Yeah looks ok. redirects are handled in a different issue. this seems fine.
Right now I am concerned. If the webmention is a public endpoint that is unauthenticated, then the computation it performs should be bounded. That is, you should know when you get a webmention that the effort it would take to verify will be reasonably deterministic. If you have to perform a GET, and then you have to parse, then it seems to be unbounded (unless the size of the source document is capped. etc etc.)
So, webmentions can come from third parties (site C) to tell site A about a link from site B. But, a malicious third party can find some large source page on B and send a bunch of webmentions to A, causing a lot of wasted effort on A (and potentially bandwidth on B) Meaning, depending on how B mitigates: B could ban/block A. B could run out of bandwidth or be hit financially. Site A needs to block third-party C (but C can be any server anywhere, so it has so few burdens) Site A could run out of cpu resources or bandwidth. Site A could not be able to reasonably schedule other webmention verifications among other tasks it needs to do because it doesn't know how much effort a webmention takes. Site A could be hit financially. You can certainly nitpick these, but only one has to be reasonably true.
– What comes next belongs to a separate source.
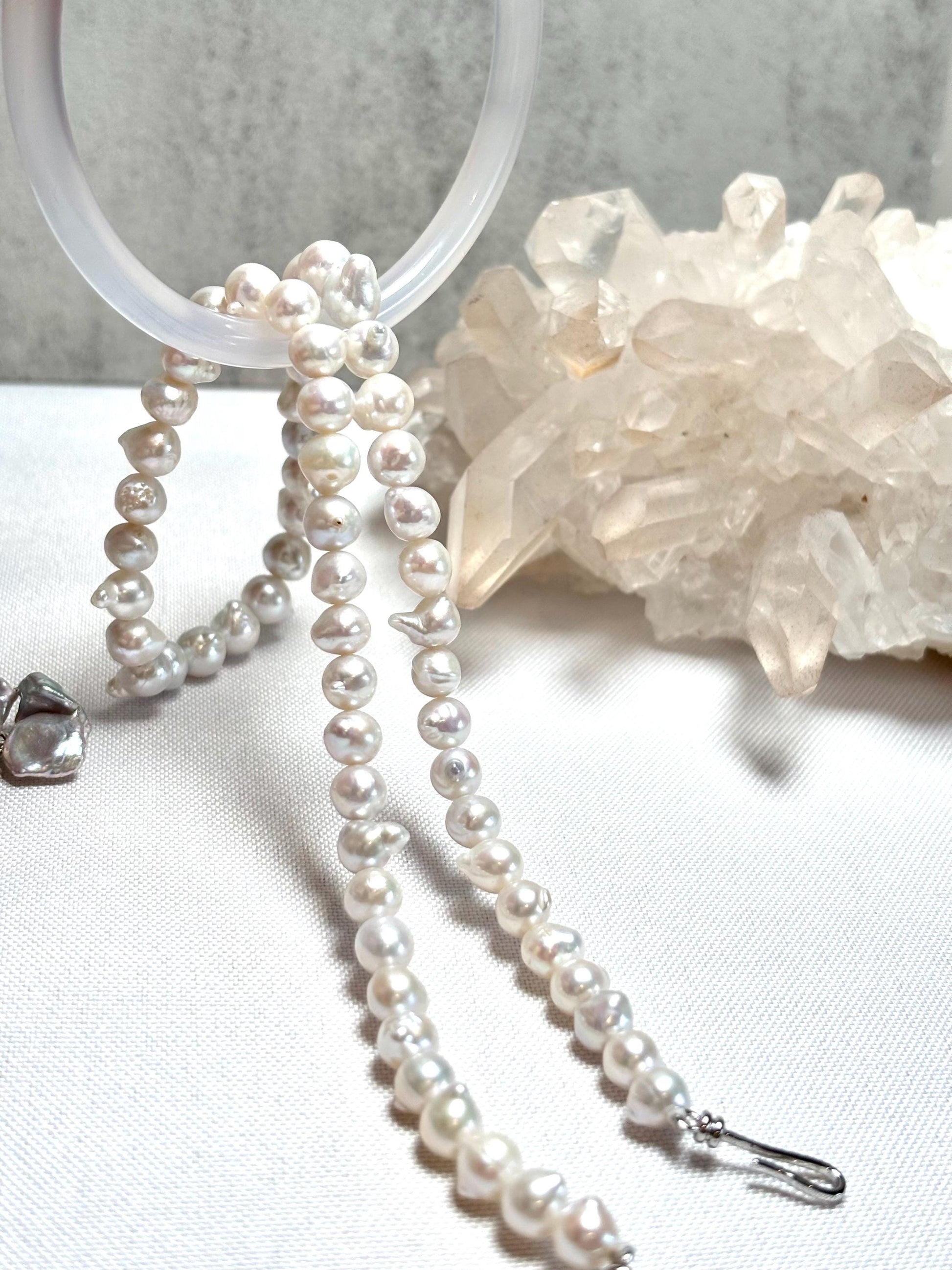 Irregular white baroque summer casual natural freshwater pearl necklace (AA Luster)

For verification to be reasonably bounded, you'd sign the message with site A or have some specified way of bounding the GET that is made and refusing to do anything else. That would require A to more actively participate in the protocol, but would limit the amount of data B needs to pull from A. There are already solutions found in other similar protocols. Salmon, for instance, signs the message and therefore assumes that only the origin requires verification, not the semantics of the message.
At any rate, the simplicity of the protocol makes it very fragile. Therefore, some discussion on the implications of verification and how to avoid such pitfalls would be beneficial. Such as: rejecting documents that are too large to verify, limiting redirects, checking for and refusing streamed data, caching popular documents.
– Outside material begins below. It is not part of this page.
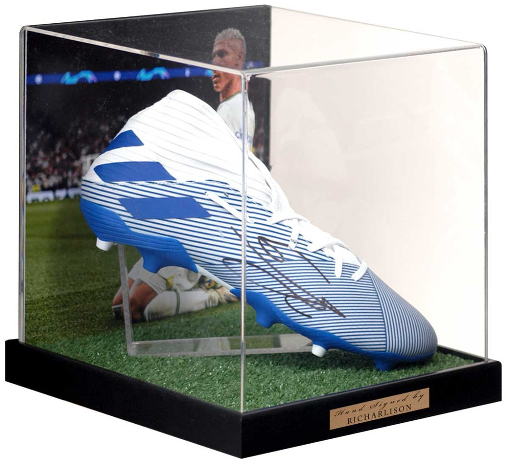 This fantastic piece comes displayed in an acrylic display case on a black wood base with a photograph of Richarlison with a Certificate Of Authenticity issued by AFTAL members The BritishSportsMuseum.com

(I think, as an implementer, I wouldn't recommend such a potentially open protocol be added to one's software. If it had easy reasonably bounded origin verification, then yes, which I would suggest as a MUST. And then I'd recommend that full-text verification be done only very optionally at idle times for servers I don't trust/know with a long set of restrictions such as those I listed. I'm still thinking about it a lot though. Full-text verification seems a bit too game-able to reliably enforce trust over time.)